Незнакомец носил неухоженную, произвольно растущую бороду, и весь был покрыт тем серым особым налётом, который покрывает бездомных, независимо от того, моются они или нет. Илья некоторое время украдкой наблюдал за ним. Бородач топтался неуверенно, озираясь вокруг. Потом глаза их встретились и притянулись. Два светлых луча пронзили серую тусклость, лившуюся от запылённых окон. По линии этих лучей, как по нити, странник подошёл к столику, за которым Илья доедал тугой МПС-овский бифштекс. Происхождение бифштекса было проблематичным, – скорее всего это были субпродукты, и, может быть, мясо сайгака, – но недоесть его Илье не могло и в голову прийти, напротив, ему хотелось добавки. Разве счастье не относительно?

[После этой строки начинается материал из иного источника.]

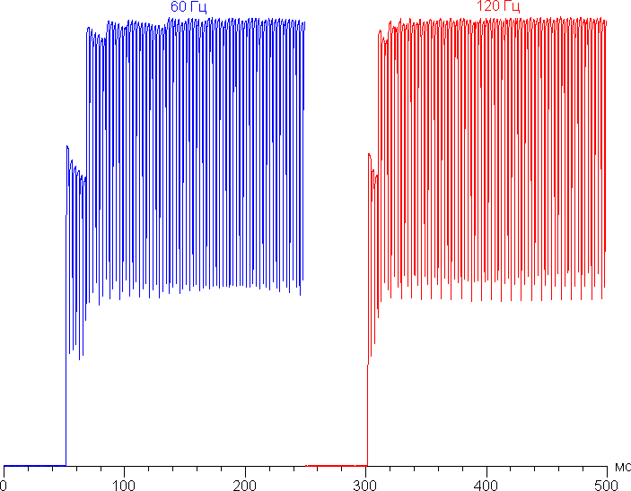 Переключение состояния элементов матрицы выполняется практически мгновенно, но на фронте включения может присутствовать ступенька шириной примерно 17 мс (что соответствует частоте обновления экрана примерно в 60 Гц) или примерно 8 мс (120 Гц). Например, так выглядит зависимость яркости от времени при переходе от черного к белому (режим 60 Гц и 120 Гц):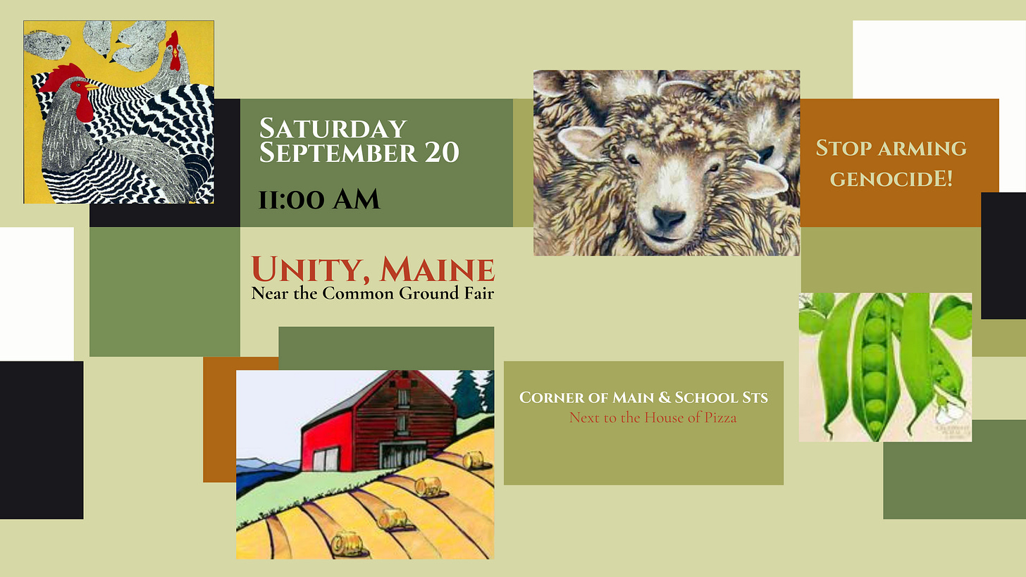 Later this month, statewide coalition protesters will assemble for the third year in a row to remind people headed to the Common Ground Fair in Unity of their responsibilities in arming genocide.

За густой, спутанной бородой странника, полностью скрывавшей его рот, угадывалась улыбка, сияющая в глазах. Взгляд детский, неискушенный, – совсем не тот, меряющий всех и всё взгляд, что встречается у деловых людей. Илье нравились такие выражения лиц. Что-то похожее он иной раз встречал среди сектантов, но никогда среди посетителей соборной церкви. Отчего бы это?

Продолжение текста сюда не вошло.